Неловко выпростал перчатку из кармана и выронил смятую трёшку, когда же нагнулся, на как-то мгновение, потеряв её из вида, там уже лежал червонец. Булгаков поискал, трёшки нигде не было. Булгаков удивился, что за ерунда! Червонец забрал, и тотчас забыл о маленьком чуде.

***

Булгаков вернулся домой пьяненький, но веселый, открыл было рот, чтобы выложить страшную тайну, мучившую его, как чесотка, однако так и замер, словно его ткнули в зад вязальной спицей.

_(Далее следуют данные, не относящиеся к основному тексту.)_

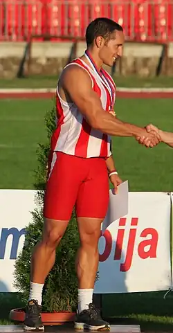 During the outdoor season he competed at three national championships. At the Serbian U23 championships he finished first in the 400 m and 4 × 100 m, and second in the 100 m event.[29] At the Serbian championships he won the gold medal in the 200 m, the silver in the 100 m,[53] and the bronze in the decathlon event.[54]

Собственно, тайн было две: лакей с моноклем в глазу, которого он опознал, как человека из коридора, и Борька со своей идеей фикс стреляться. Как ни странно, о лакее с его громкой фразой: «Понавыбирают… а кого?..», сказать было абсолютно нечего, кроме огромной, безмерно глупой таинственности, лишенной всякого здравого смысла, а предавать друга с его планом застрелиться, вообще, было негоже. Поэтому Булгаков моментально прикусил язык, и имел вид престранный, как нашкодивший щенок.